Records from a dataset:
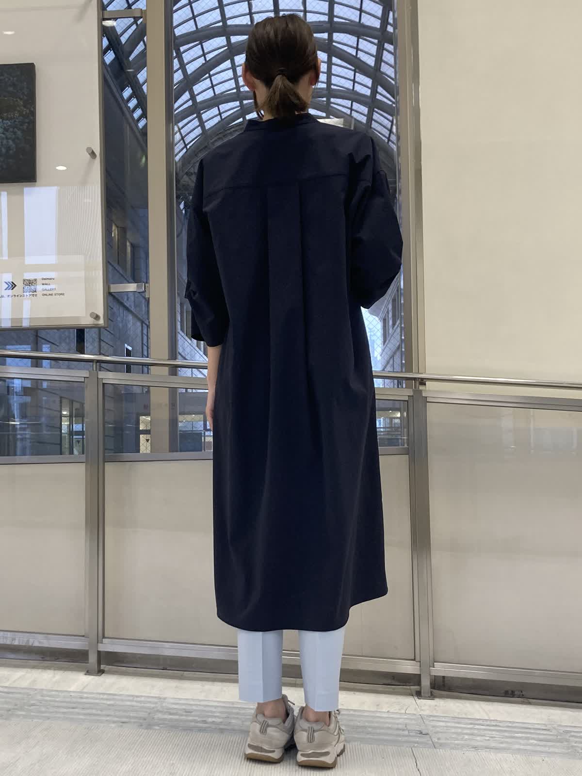 【着用サイズ】ワンピース:フリーサイズ カットソー:フリーサイズ パンツ:7号 【着用カラー】ワンピース:ネイビー カットソー:オフホワイト パンツ:サックス ツイストスリーブのワンピースでシンプルなコーディネートもオシャレに。シワになりにくい素材とポケットが付いているのも嬉しいポイントです。ブルー系統で合わせたパンツは足を綺麗に見せてくれます。
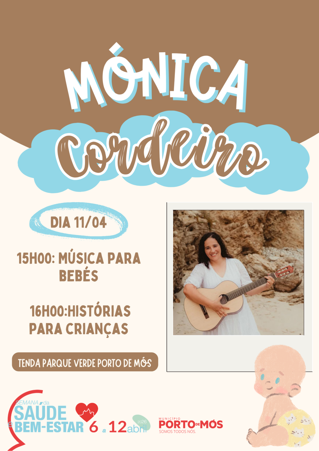 A programação tem início às 15h00 com uma sessão de música para bebés, dinamizada pela cantora Mónica Cordeiro, proporcionando um momento sensorial e afetivo que estimula o desenvolvimento dos mais novos através de sons, ritmos e interação.
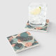 The coasters are gorgeous, a quality feel and heavy weight. They look like a precious archeological find. A rustic stone juxtaposed with a modern floral black and white print. I like the way the print goes slightly imperfect on the cut stone edges giving them a kind-of natural beauty.
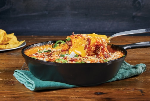 CHEF-MATE® ¡Que Bueno! Jalapeño Cheese Sauce is combined with shredded cheddar, crumbled bacon, fresh jalapeños, and sour cream; baked with panko on top, and garnished with more bacon, cilantro, and sliced jalapenos for a dip with a kick. Get ready to spice up your next gathering with this irresistible Shareable Jalapeno Popper Dip. Creamy, cheesy, and packed with a kick of heat, this dip is a crowd-pleasing appetizer that will have everyone coming back for more. Once the Shareable Jalapeno Popper Dip is baked to perfection, remove it from the oven and let it cool for a few minutes. This will allow the dip to set slightly and make it easier to handle. Serve the dip warm with an assortment of dippables such as tortilla chips, crackers, or sliced baguette. The creamy and cheesy dip paired with the spicy kick of the jalapenos and green chilies will create a flavor explosion in every bite. This Shareable Jalapeno Popper Dip is perfect for any gathering or party, whether it's a casual get-together or a game day celebration. Its addictive flavors and creamy texture make it a hit with both spice lovers and cheese enthusiasts. So, gather your ingredients, embrace the heat, and get ready to impress your guests with this irresistible Shareable Jalapeno Popper Dip. It's a crowd-pleasing appetizer that will add a spicy kick to any occasion.
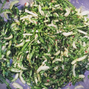 If you haven’t used the pak choi from last weeks share yet, give this quick, flavorful recipe a try. I used two heads of pak choi because I had one left over from last week but you can easily cut the dressing ingredients in half if you just have one. I plan to serve this with a quick ramen soup but I think it would be great with salmon or tofu and served on rice. I would suggest serving it immediately after tossing the pak choi with the dressing as it will start to wilt and soften fairly quickly.
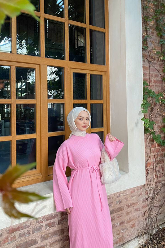 %15 İndirimNesire Fitilli Triko Elbise Pembe
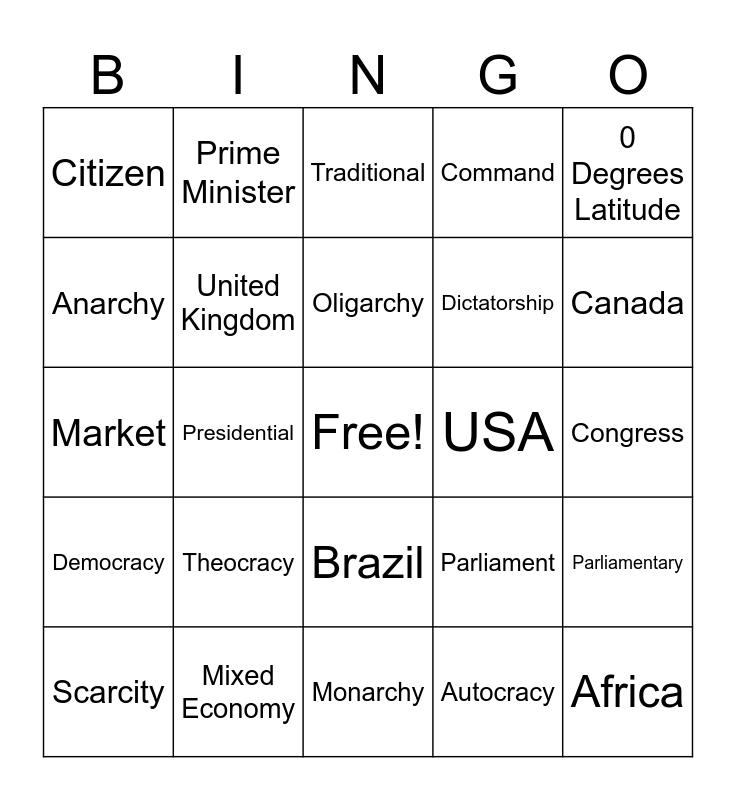 This bingo card has a free space and 24 words: Theocracy, Mixed Economy, Oligarchy, Scarcity, 0 Degrees Latitude, Citizen, Anarchy, Prime Minister, USA, Brazil, Dictatorship, Market, Parliament, Parliamentary, United Kingdom, Autocracy, Congress, Traditional, Canada, Presidential, Africa, Democracy, Command and Monarchy.

◆ **Goal of the exercise**: Starting at the first line of the data, set down each line exactly until you have copied the line with "The coasters are", but leave the pictures out.

◆ **Response to the task**:
 【着用サイズ】ワンピース:フリーサイズ カットソー:フリーサイズ パンツ:7号 【着用カラー】ワンピース:ネイビー カットソー:オフホワイト パンツ:サックス ツイストスリーブのワンピースでシンプルなコーディネートもオシャレに。シワになりにくい素材とポケットが付いているのも嬉しいポイントです。ブルー系統で合わせたパンツは足を綺麗に見せてくれます。
 A programação tem início às 15h00 com uma sessão de música para bebés, dinamizada pela cantora Mónica Cordeiro, proporcionando um momento sensorial e afetivo que estimula o desenvolvimento dos mais novos através de sons, ritmos e interação.
 The coasters are gorgeous, a quality feel and heavy weight. They look like a precious archeological find. A rustic stone juxtaposed with a modern floral black and white print. I like the way the print goes slightly imperfect on the cut stone edges giving them a kind-of natural beauty.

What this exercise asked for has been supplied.